Aim of the task:
Copy out exactly the stretch below, from the line with "When Staunch Defenders" through the line with "All Accessories Included", both included; the pictures stay out.

Information shown:
====
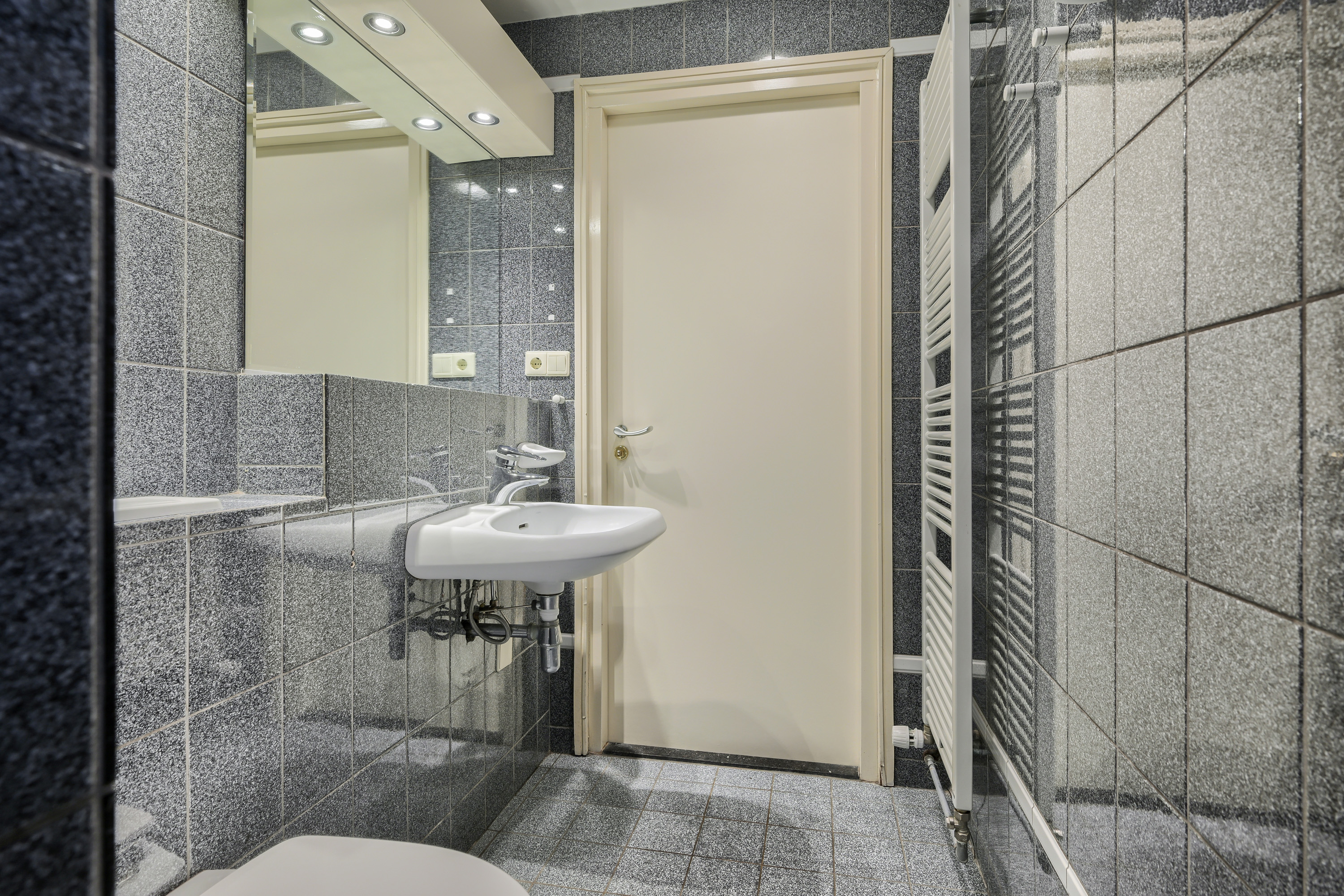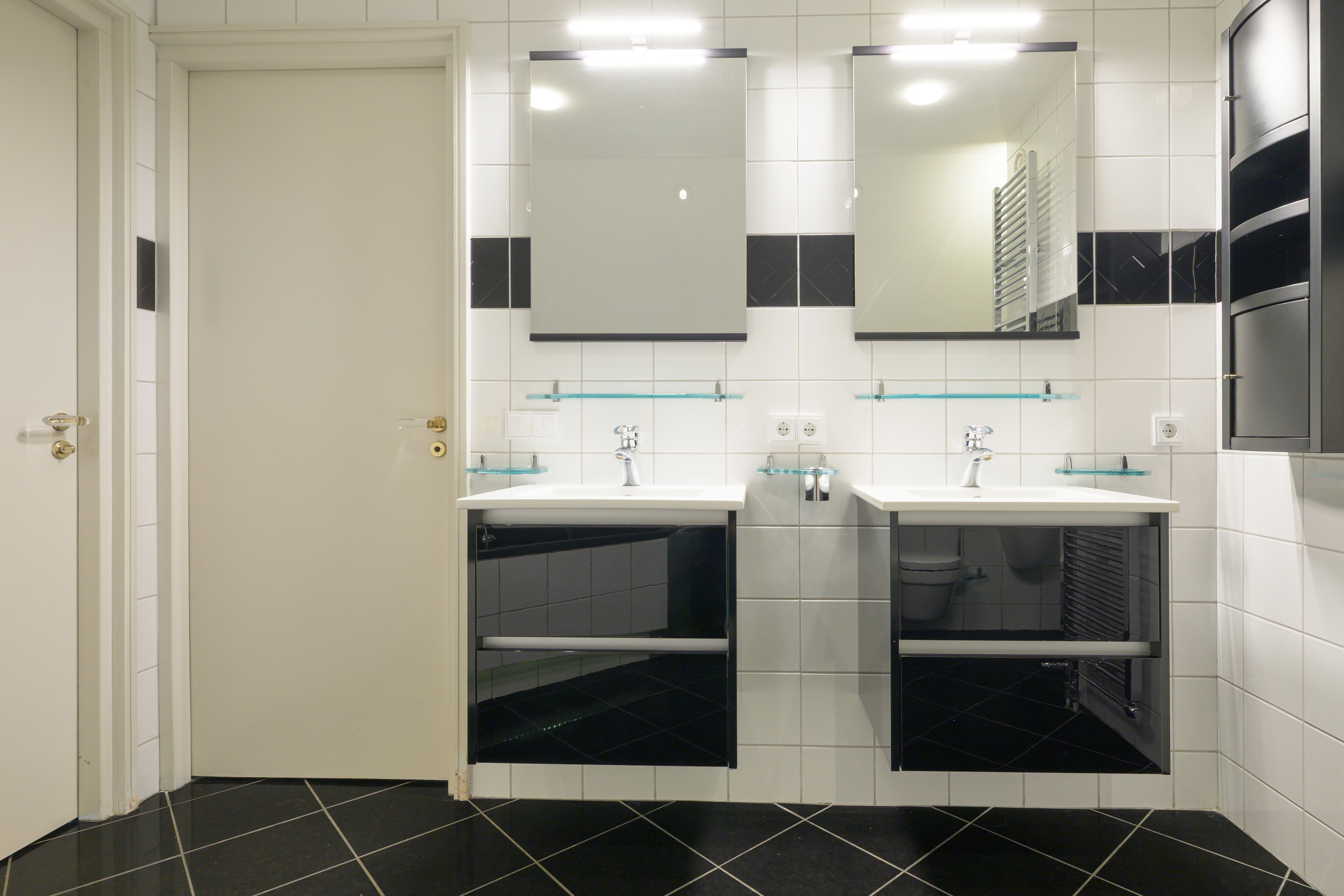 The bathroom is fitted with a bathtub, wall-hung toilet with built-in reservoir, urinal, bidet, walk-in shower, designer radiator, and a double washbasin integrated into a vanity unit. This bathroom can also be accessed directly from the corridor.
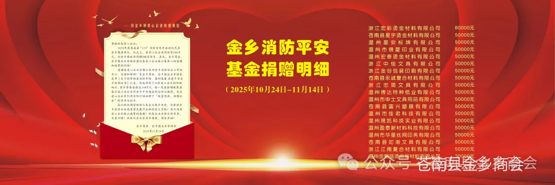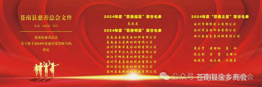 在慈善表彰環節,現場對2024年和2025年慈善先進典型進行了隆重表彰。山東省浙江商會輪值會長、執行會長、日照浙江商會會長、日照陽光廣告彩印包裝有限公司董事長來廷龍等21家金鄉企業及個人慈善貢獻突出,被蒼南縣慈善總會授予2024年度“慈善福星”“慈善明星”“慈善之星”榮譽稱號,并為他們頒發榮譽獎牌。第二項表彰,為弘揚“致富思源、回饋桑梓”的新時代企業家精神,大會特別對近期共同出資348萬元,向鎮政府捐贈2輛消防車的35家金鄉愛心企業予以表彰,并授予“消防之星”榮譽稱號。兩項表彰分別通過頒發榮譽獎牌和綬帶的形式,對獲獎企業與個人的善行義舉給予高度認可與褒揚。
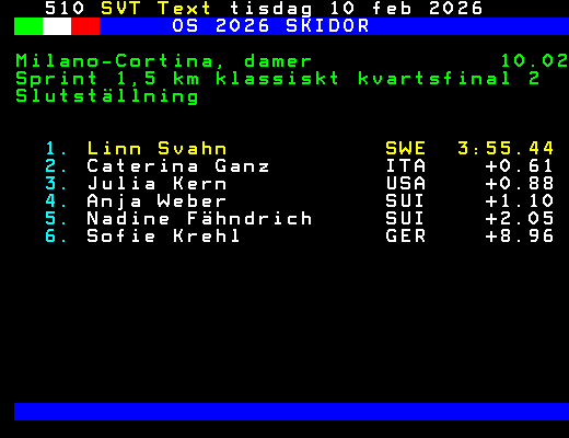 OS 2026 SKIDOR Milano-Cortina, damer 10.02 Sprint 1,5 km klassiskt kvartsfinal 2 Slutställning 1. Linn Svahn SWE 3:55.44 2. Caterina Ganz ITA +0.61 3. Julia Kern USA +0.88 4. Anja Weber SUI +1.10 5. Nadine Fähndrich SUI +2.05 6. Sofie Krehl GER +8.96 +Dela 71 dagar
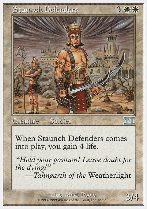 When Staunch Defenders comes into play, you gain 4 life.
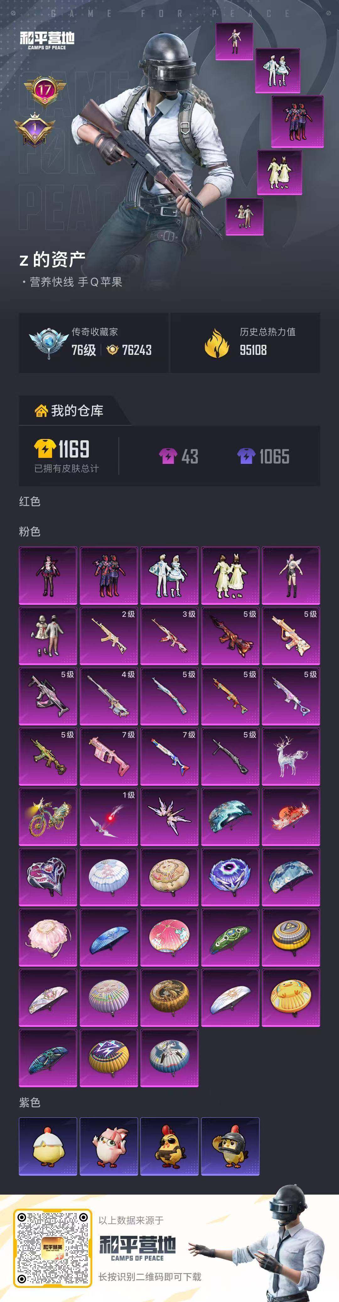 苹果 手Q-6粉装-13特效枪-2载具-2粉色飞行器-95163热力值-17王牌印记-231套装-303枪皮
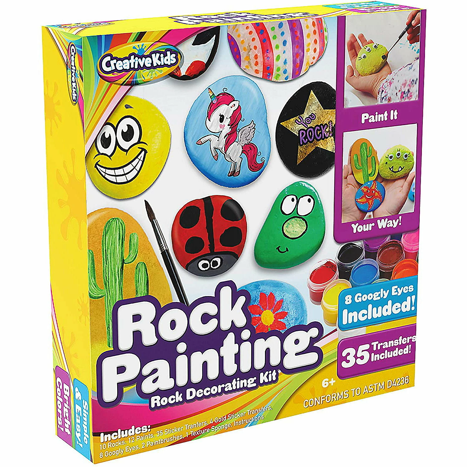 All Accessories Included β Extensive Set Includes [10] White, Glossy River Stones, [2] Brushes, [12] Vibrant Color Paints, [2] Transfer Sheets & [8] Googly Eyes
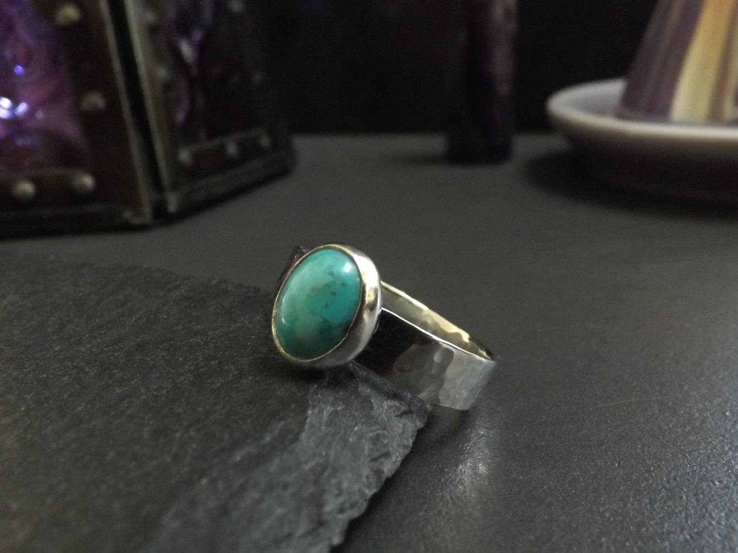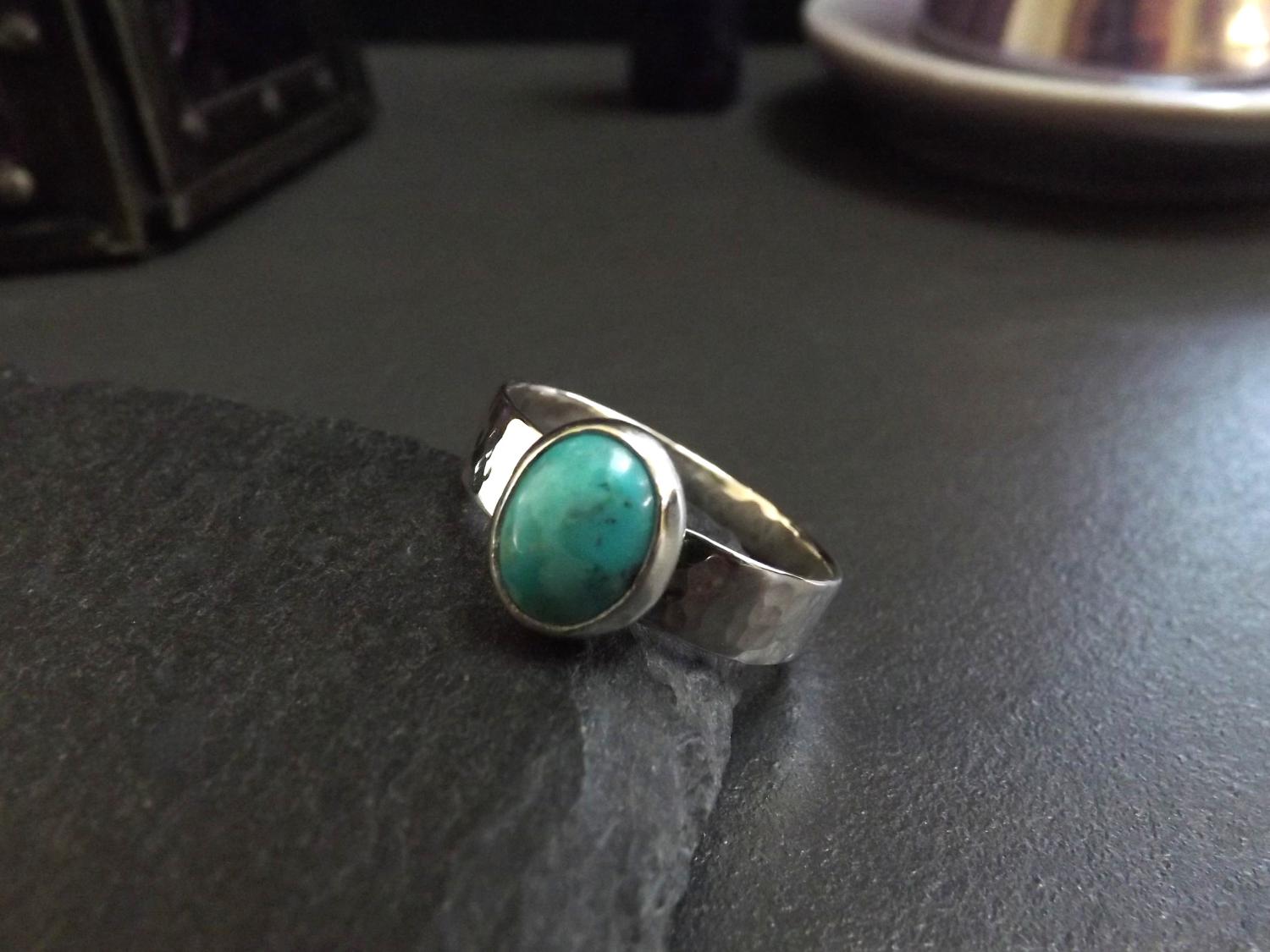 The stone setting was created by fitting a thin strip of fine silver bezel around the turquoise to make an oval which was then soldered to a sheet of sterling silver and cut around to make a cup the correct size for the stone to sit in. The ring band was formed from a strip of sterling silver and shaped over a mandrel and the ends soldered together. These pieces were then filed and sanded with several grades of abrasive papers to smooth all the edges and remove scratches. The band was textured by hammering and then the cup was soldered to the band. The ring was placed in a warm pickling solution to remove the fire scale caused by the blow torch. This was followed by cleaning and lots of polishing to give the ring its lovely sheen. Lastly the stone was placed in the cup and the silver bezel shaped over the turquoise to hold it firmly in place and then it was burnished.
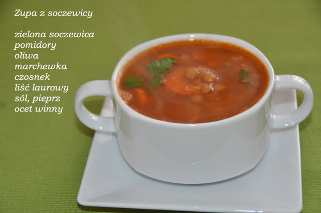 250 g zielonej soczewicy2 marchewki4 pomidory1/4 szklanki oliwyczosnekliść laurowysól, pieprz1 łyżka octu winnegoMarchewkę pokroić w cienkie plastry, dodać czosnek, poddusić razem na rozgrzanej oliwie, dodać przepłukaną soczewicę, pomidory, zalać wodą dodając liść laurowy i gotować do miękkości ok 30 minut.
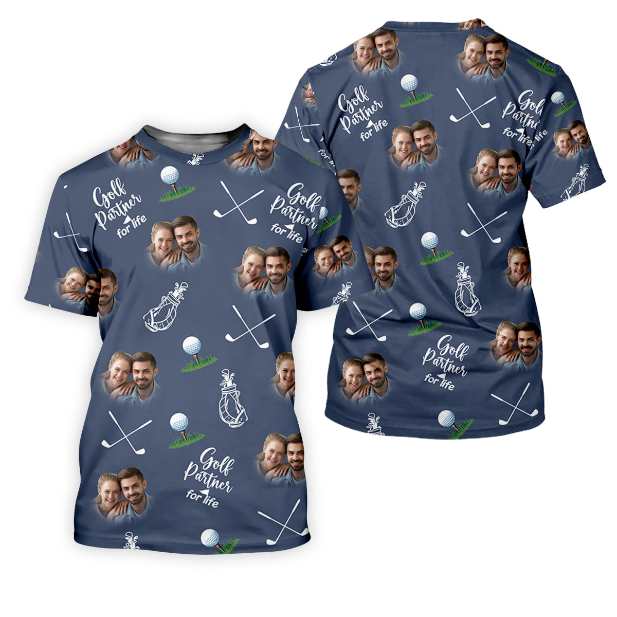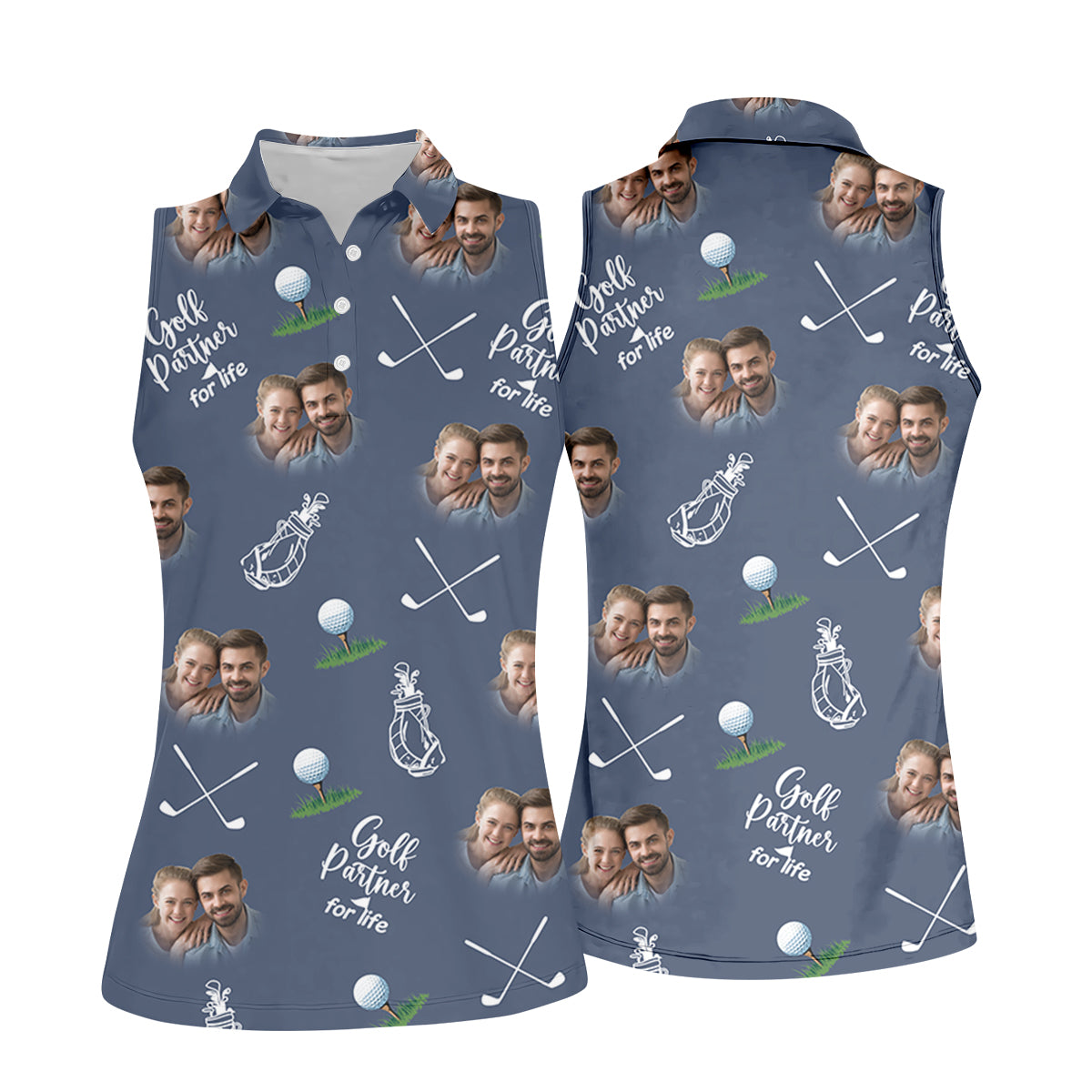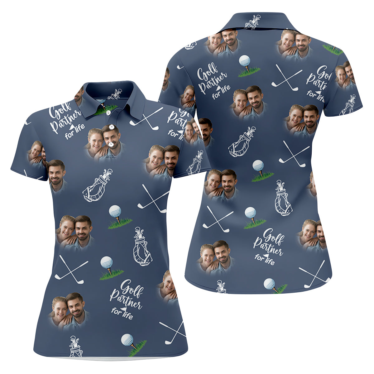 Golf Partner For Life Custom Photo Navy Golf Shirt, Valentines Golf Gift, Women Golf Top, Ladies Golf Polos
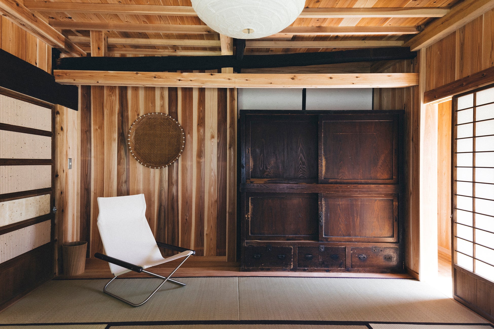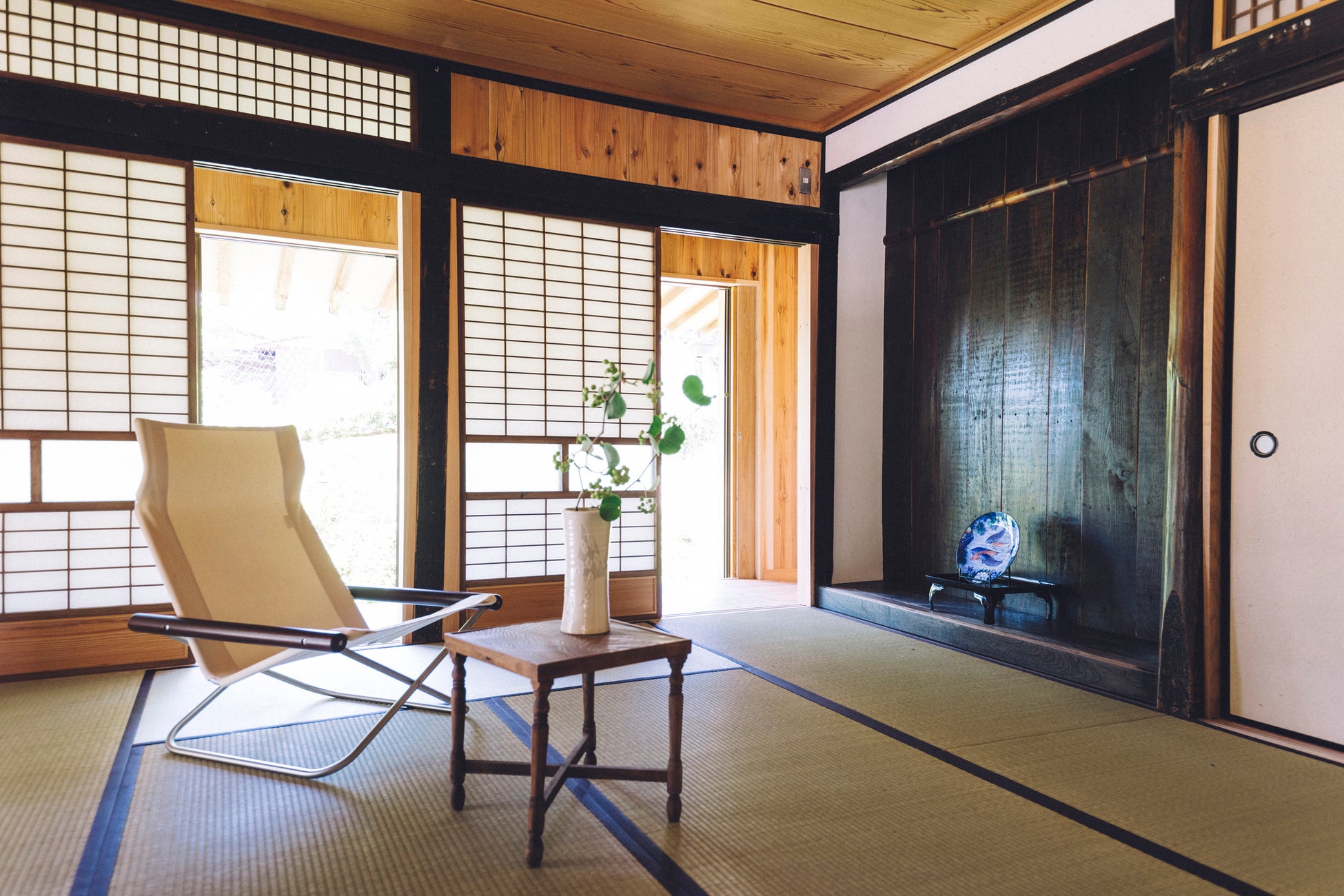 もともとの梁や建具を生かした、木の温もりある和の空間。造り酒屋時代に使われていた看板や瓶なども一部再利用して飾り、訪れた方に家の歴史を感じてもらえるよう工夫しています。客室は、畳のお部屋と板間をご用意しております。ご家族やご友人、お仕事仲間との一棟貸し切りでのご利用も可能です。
====
Answer to this problem:
 When Staunch Defenders comes into play, you gain 4 life.
 苹果 手Q-6粉装-13特效枪-2载具-2粉色飞行器-95163热力值-17王牌印记-231套装-303枪皮
 All Accessories Included β Extensive Set Includes [10] White, Glossy River Stones, [2] Brushes, [12] Vibrant Color Paints, [2] Transfer Sheets & [8] Googly Eyes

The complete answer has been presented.